A concrete failure mode from the observability deep-dive illustrates why the three-plane boundary matters. Symptom: “Worker run shows as standalone root (not nested under TS span).” Cause: getCurrentRunTree(true) returned undefined — no LangSmith run tree was open in the Next.js scope. In this codebase the Next.js app is OTel-first, not LangSmith-first; a traceable() context is only opened when a route handler explicitly creates one (e.g., inside an ainvoke chain). When absent, the worker becomes the root of its own LangSmith run. This is not a bug — it is the intended best-effort design — but it means an engineer debugging via LangSmith alone sees an orphan worker tree and must switch to the OTel collector (which holds the traceparent-continued span chain) to reconstruct the full request. Another common breakage is “Two separate trace IDs for one user action” caused by a load balancer or proxy that strips the traceparent header before it reaches the worker; verifying that parse_inbound parses non-null headers is the first debugging step.

In depth, piece by piece

Each piece below: the plain-language take, the system-design detail, then the real code it comes from.

What a workflow is here

In plain terms. Think of each workflow as a recipe in a shared kitchen. The recipe has a stable name (the assistant ID) that never changes, like a dish name on a menu—you always order "lasagna," not "the thing in the third drawer." A GraphSpec ties that name to a recipe card (the module) and tells the kitchen whether to use a pre-made dish (compiled attribute) or a build-your-own instruction set (builder attribute). The resumable flag marks whether the dish can be half-eaten and finished later (like a paused movie) or is eaten in one go. Without this stable identity, moving a recipe to a new notebook would break every order placed by that name.

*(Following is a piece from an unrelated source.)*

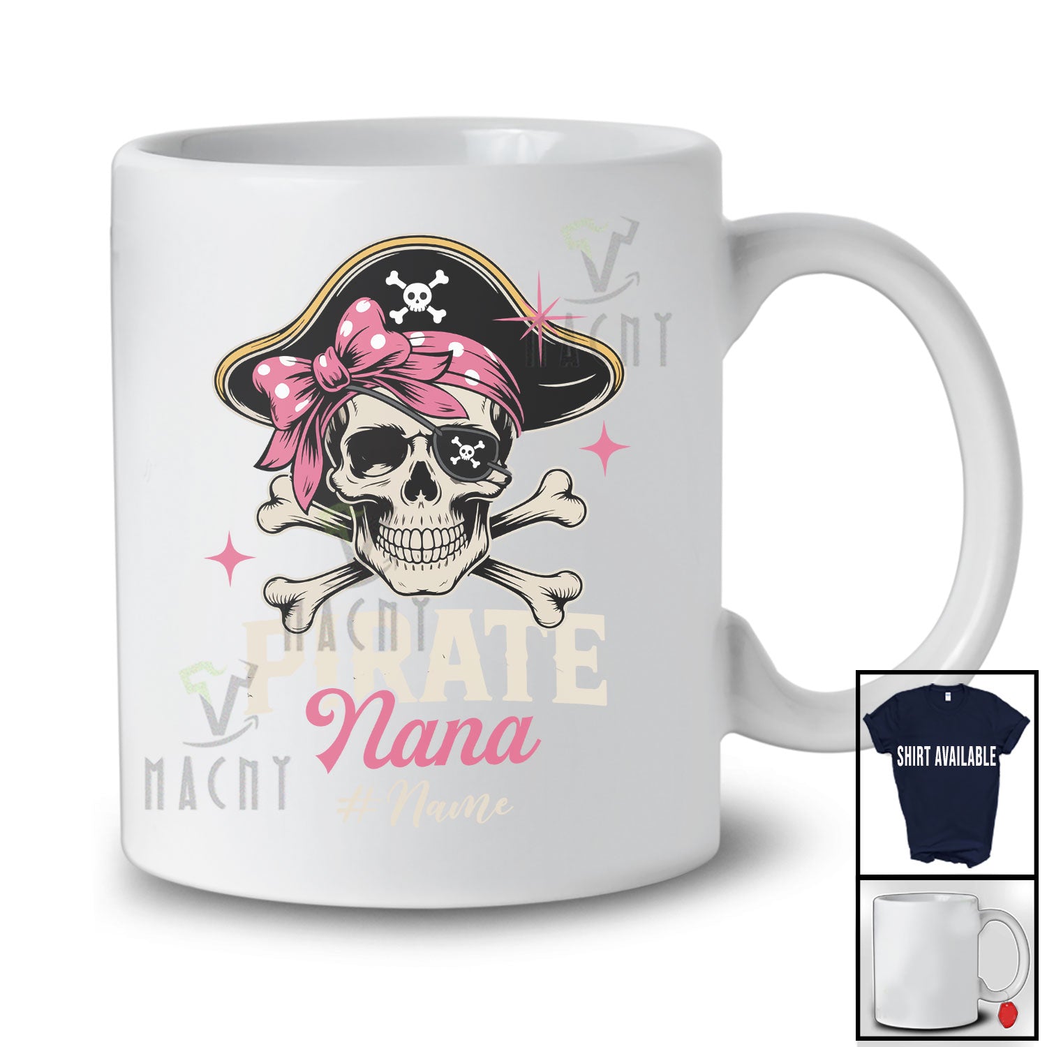 • Personalized Pirate Nana; Scary Halloween Coquette Bow Tie Skull; Custom Name Women Family T-Shirt. This cotton t-shirt is a durable staple product with a classic fit. One of the most popular items, it has a relaxed style made for everyday and casual wear.

System design. Every LangGraph workflow in this system is defined by a single GraphSpec dataclass (defined in registry.py). The dataclass is frozen and carries four fields:

  • assistant_id: a public, human-readable string like "extract_stack" or "contact_vertical_fit" that serves as the stable identifier used by the TypeScript client, the /runs/wait endpoint, langgraph.json, and worker routing tables.
  • module: a dotted import path, e.g. "graphs.contact_vertical_fit_graph", pointing to the Python module that contains the graph logic.
  • compiled_attr (default "graph"): the module-level attribute name holding the precompiled CompiledGraph instance.
  • builder_attr (default "build_graph", can be None): the module-level callable that takes a checkpointer and returns a CompiledGraph. When builder_attr is None, the module is expected to expose a pre-built instance under compiled_attr built at import time without a checkpointer — used for stateless, idempotent graphs like "deep_scrape".
  • resumable (default False): controls whether a checkpointer is attached to the graph at runtime. As of the context, every registered GraphSpec sets this to False, meaning the FastAPI runtime never wires a checkpointer and every invocation gets a random UUID thread_id. The only graph that uses persistence is vertical_activation_graph, which lives outside the registry and is built via build_resumable_graph (only exercised in dry-run tests).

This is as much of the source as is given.